▸ **LISTED RECORDS**:
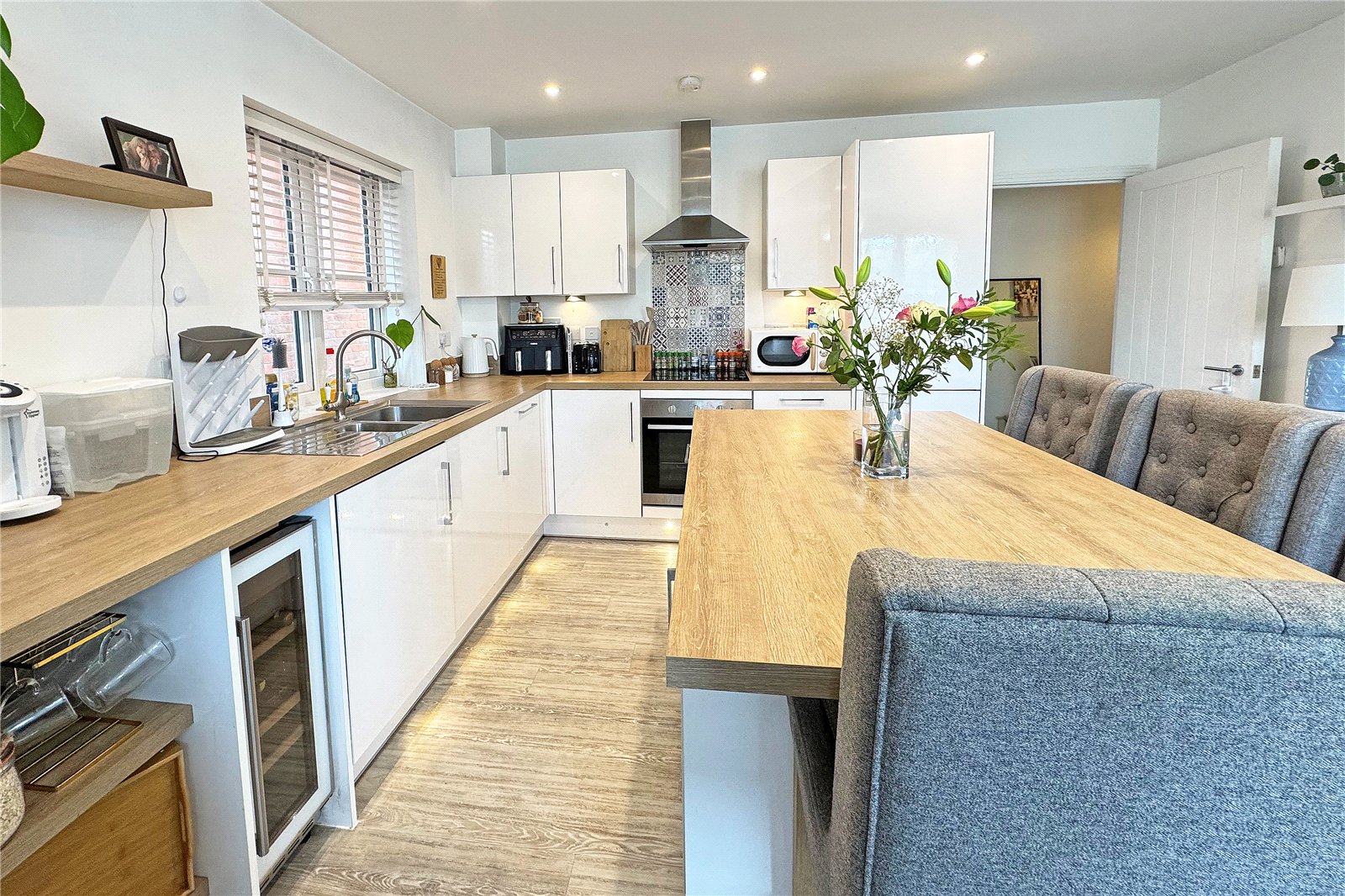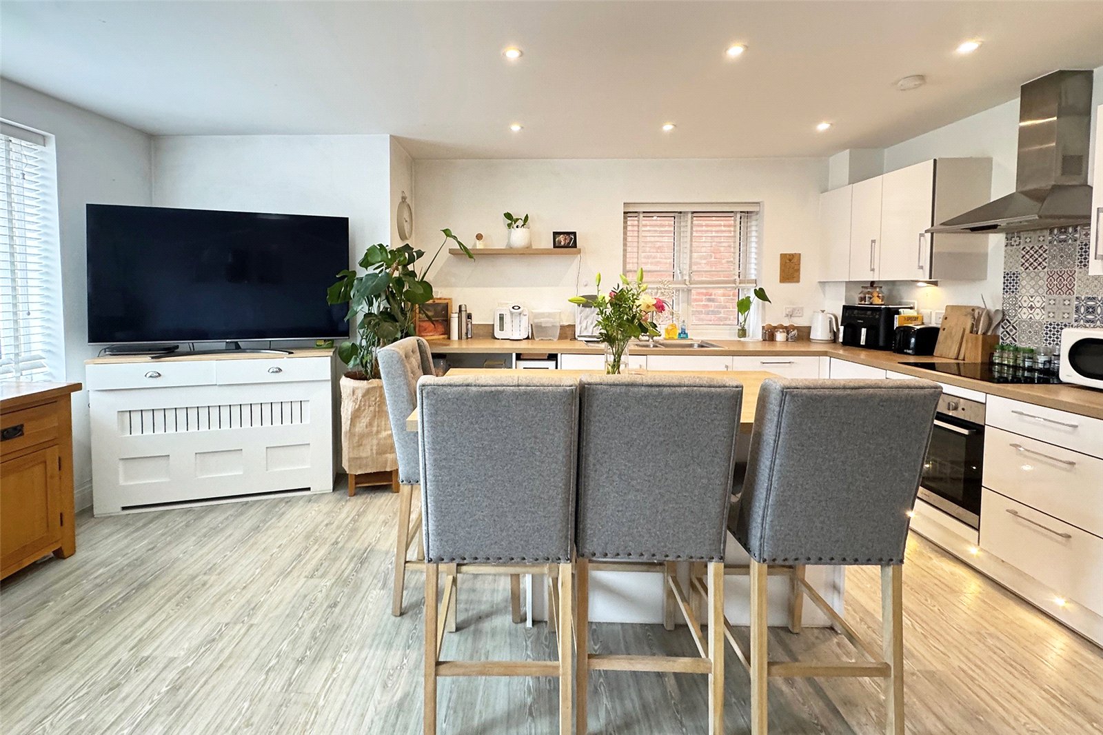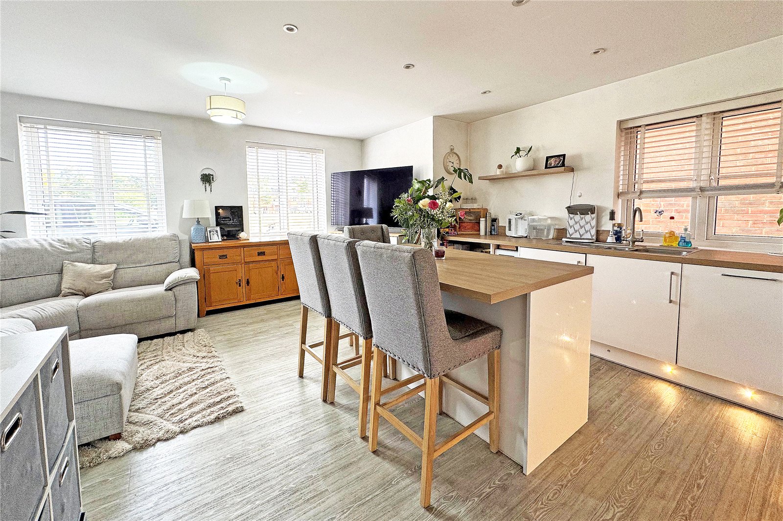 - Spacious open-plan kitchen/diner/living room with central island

* * *

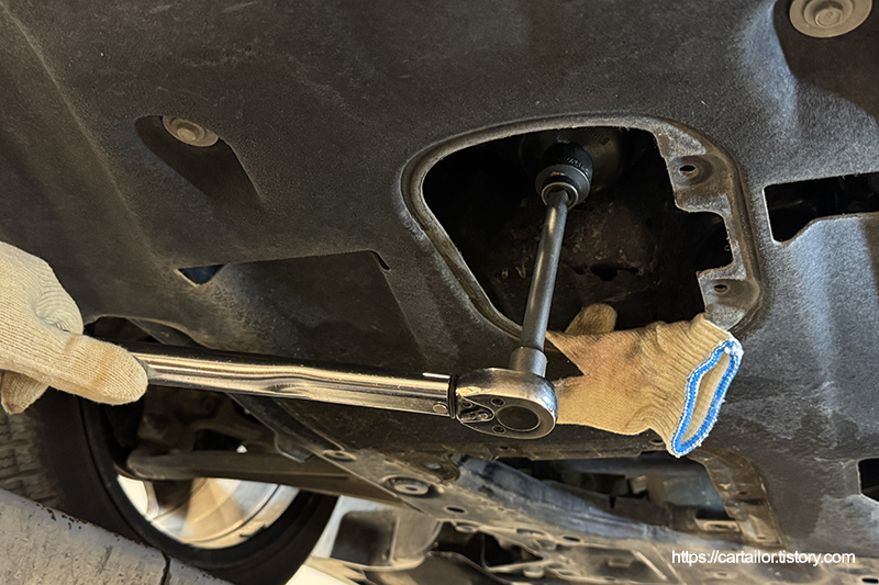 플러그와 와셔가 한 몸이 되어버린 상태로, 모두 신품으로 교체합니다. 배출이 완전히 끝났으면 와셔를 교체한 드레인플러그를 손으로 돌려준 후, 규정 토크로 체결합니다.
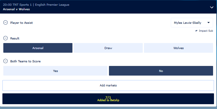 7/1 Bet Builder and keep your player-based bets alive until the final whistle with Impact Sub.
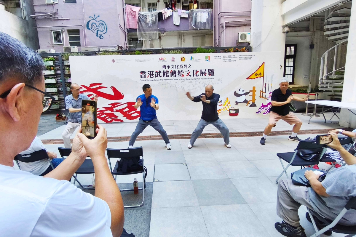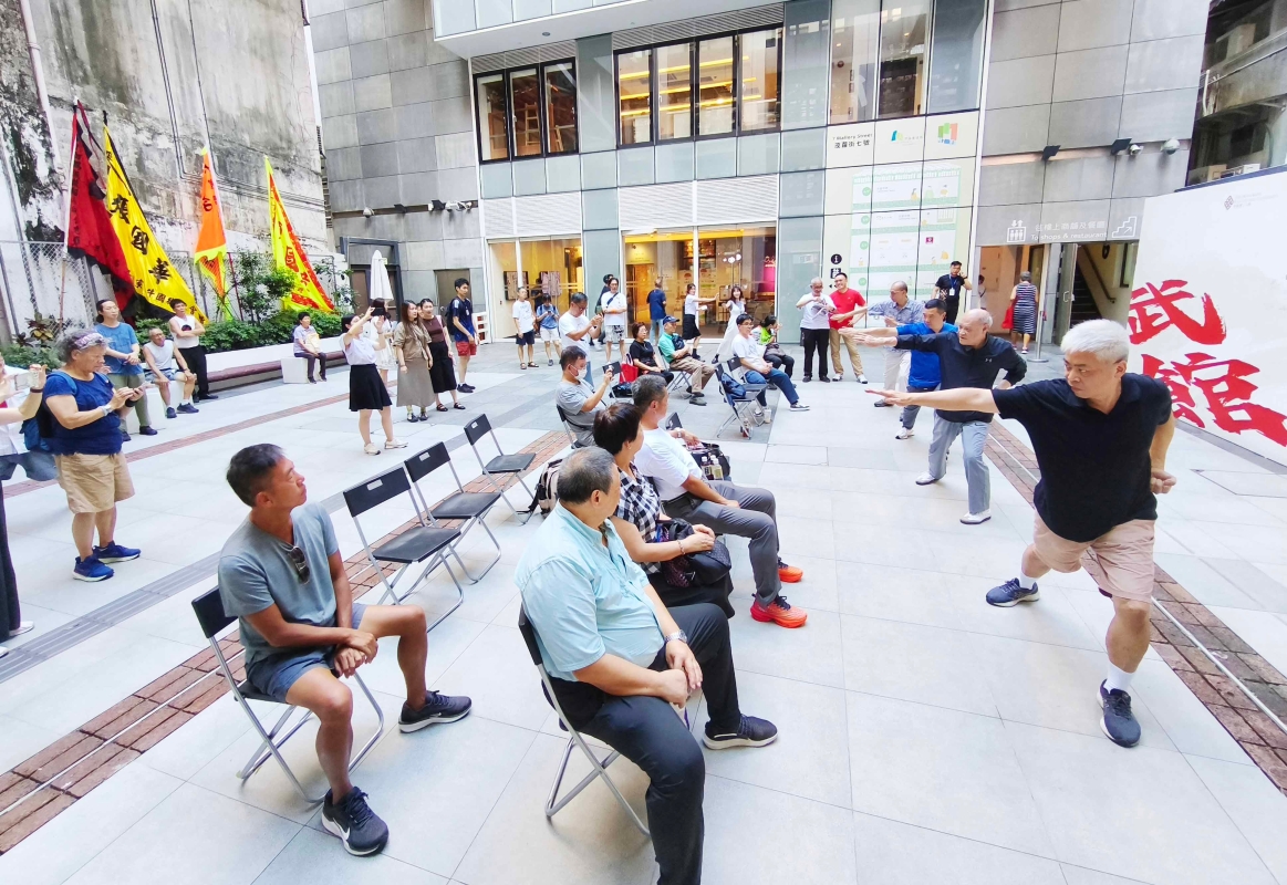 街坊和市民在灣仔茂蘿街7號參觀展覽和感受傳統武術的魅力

--

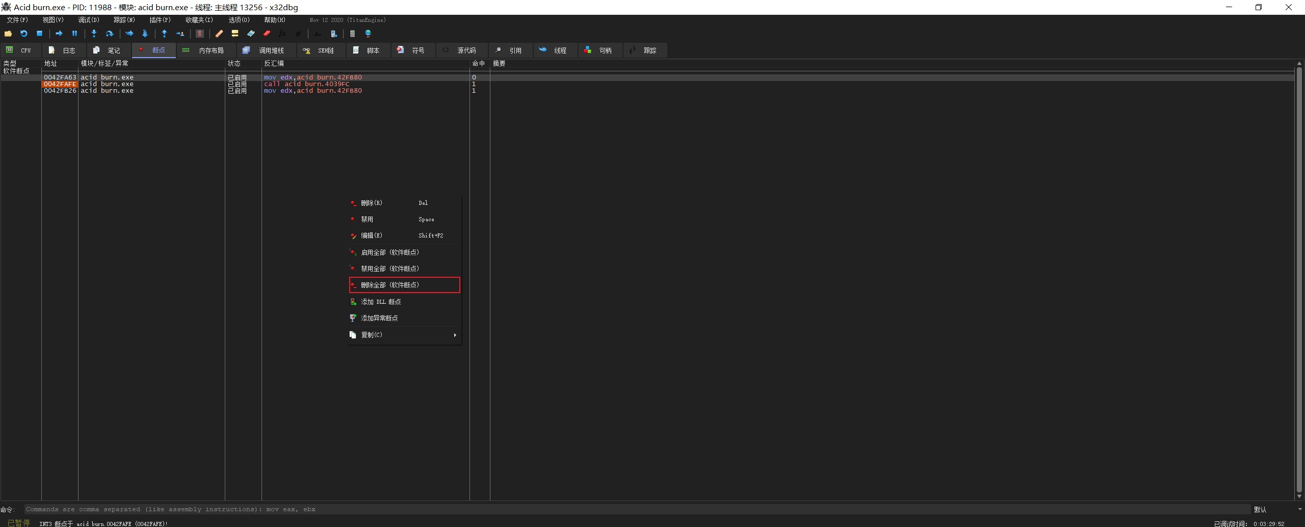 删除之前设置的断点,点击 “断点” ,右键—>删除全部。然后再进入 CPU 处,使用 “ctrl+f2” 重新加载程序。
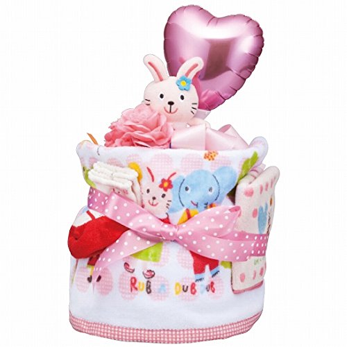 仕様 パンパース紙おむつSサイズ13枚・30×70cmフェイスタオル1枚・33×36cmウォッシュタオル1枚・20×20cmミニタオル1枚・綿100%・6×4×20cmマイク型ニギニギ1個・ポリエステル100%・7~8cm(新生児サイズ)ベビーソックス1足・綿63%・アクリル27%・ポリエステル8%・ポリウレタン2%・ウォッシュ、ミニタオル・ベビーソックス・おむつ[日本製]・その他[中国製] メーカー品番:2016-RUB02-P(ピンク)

▸ **WHAT THE TASK REQUIRES**:
For this exercise, transcribe exactly the part of the records above that opens with the line containing "플러그와 와셔가 한 몸이" and closes with the one containing "街坊和市民在灣仔茂蘿街7號參觀展覽和感受傳統武術的魅力". Pictures are not part of the copy.

▸ **TASK OUTPUT**:
 플러그와 와셔가 한 몸이 되어버린 상태로, 모두 신품으로 교체합니다. 배출이 완전히 끝났으면 와셔를 교체한 드레인플러그를 손으로 돌려준 후, 규정 토크로 체결합니다.
 7/1 Bet Builder and keep your player-based bets alive until the final whistle with Impact Sub.
 街坊和市民在灣仔茂蘿街7號參觀展覽和感受傳統武術的魅力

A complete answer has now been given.